When to wear a mask? The $200 question

PoliceActing NSW Police Commissioner Malcolm Lanyon at the Press Conference.

From today $200 fines may apply for people overtly breaking the COVID-19 health orders relating to masks.

Police say they will be working with the community to help the community understand their compliance obligations.

These rules do apply on the Central Coast, that has been included in the Greater Sydney area (including Wollongong and Blue Mountains).

Face masks are now mandatory in the following indoor settings:

  • shopping (retail, supermarkets and shopping centres)
  • on public/shared transport and waiting areas for public/shared transport
  • indoor entertainment (including cinemas and theatres)
  • places of worship
  • hair and beauty premises
  • visiting an aged care facility.

Face masks will also be mandatory for all staff in hospitality venues, gaming areas in licensed premises (including casinos) and for patrons using gaming services.

Compliance & policing

Policing of the new rules will start from Monday 4 January 2021 with $200 on the spot fines for individuals for non-compliance.

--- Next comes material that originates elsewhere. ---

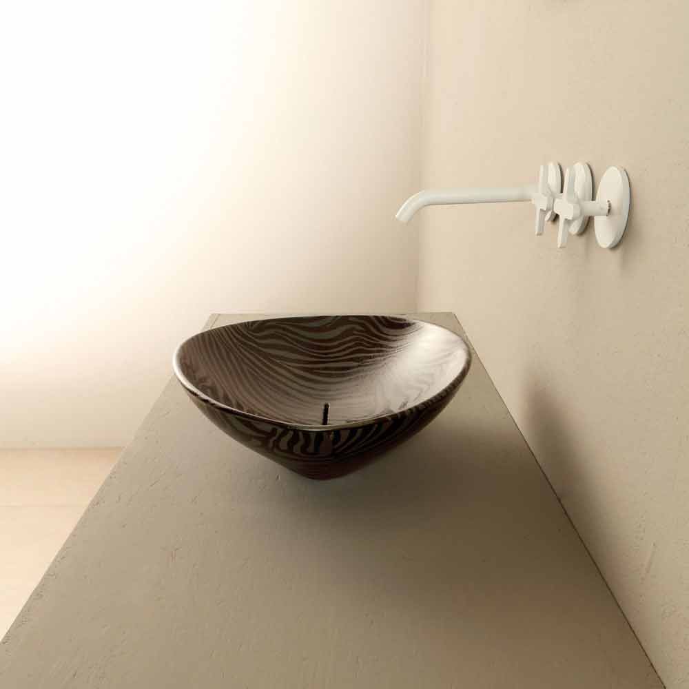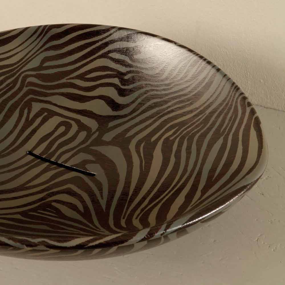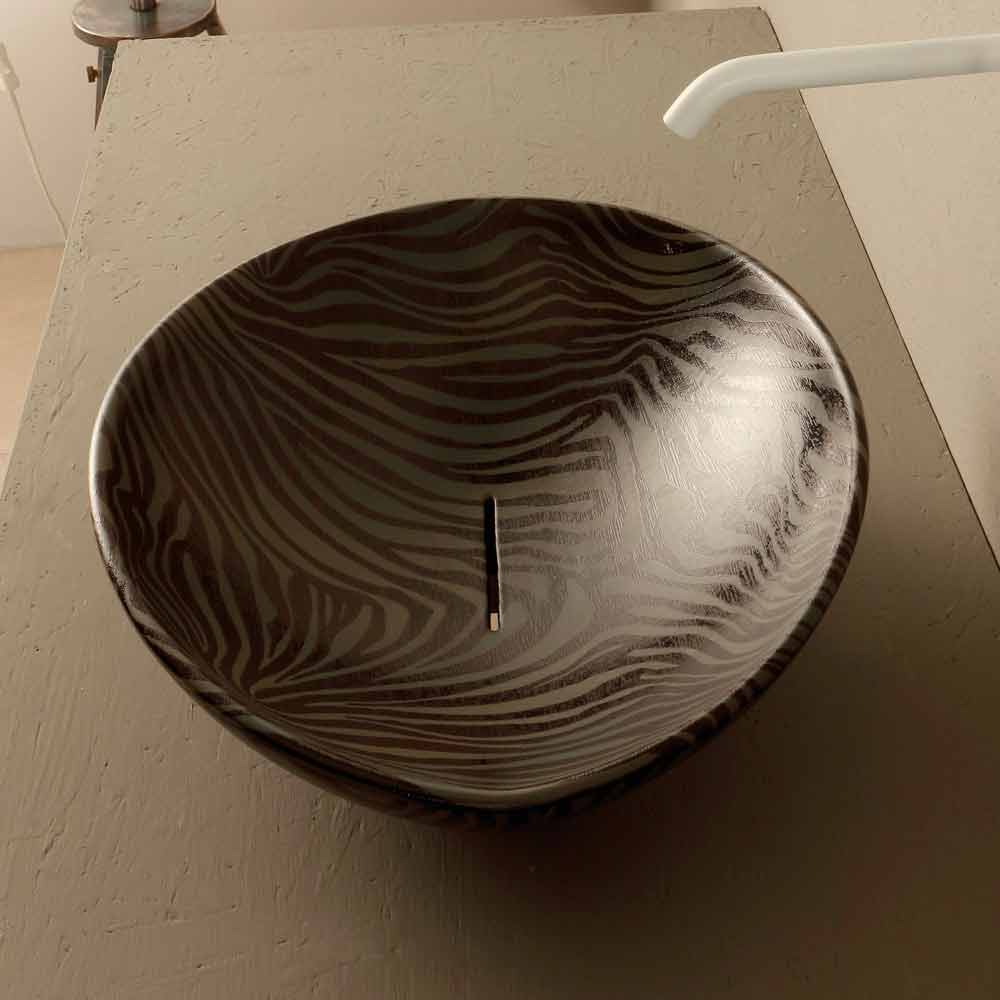 Design countertop washbasin in black zebra ceramic made Italy Animals

Acting NSW Police Commissioner Malcolm Lanyon said at a press conference on Sunday Jan 3 “in the initial aspect of this health order we will be focusing on compliance. NSW Police will work very closely with the community to help them understand the nature of the health orders…”

Compliant masks

According to NSW Health authorities single-use and reusable cloth masks both help to prevent the spread of COVID-19, if used correctly.

Official advice is to buy single-use masks from reputable retail outlets including chemists, supermarkets and other shops.

Cloth masks are effective in reducing transmission of COVID-19 to other people when they are made and worn correctly.

A full guide to mask types can be found at the official NSW Health web site.


NSW Health lists a series of exemptions from the mask wearing rules, they include;

  • have a physical or mental health illness or condition, or disability, that makes wearing a mask unsuitable (for example, a skin condition, an intellectual disability, autism or trauma).
  • Children under 12 are exempt but are encouraged to wear masks where practicable.

You may remove your mask when you are;

  • eating or drinking
  • communicating with another person who is deaf or hard of hearing
  • at work and the nature of your work 
    • makes wearing a face mask a risk to your or another person’s health and safety
    • means clear enunciation or visibility of your mouth is essential
  • asked to remove your mask for identity purposes.

You may also remove your mask for the proper provision of goods or services, for example, if you are having a facial or beard trim. 

Why are we being asked to wear masks?

According the NSW Health, wearing a mask helps to reduce community transmission. One way COVID-19 is spread is when an infected person coughs, sneezes or speaks near another person.

The person infected with COVID-19 can be:

  • asymptomatic (doesn’t show symptoms at all)
  • pre symptomatic (not yet showing symptoms)
  • minimally symptomatic (showing mild symptoms).

If a person is infected with COVID-19, a face mask helps to stop them spreading COVID-19 when they cough, sneeze or speak.

The main value of wearing a mask is to protect other people. If used correctly, masks may prevent sick people from infecting others.

Even if you are wearing a mask, stay 1.5 metres away from others, if possible.

Information source: Press Conference NSW Police Jan 3, 2020. NSW Health website updates, Jan 3, 2020.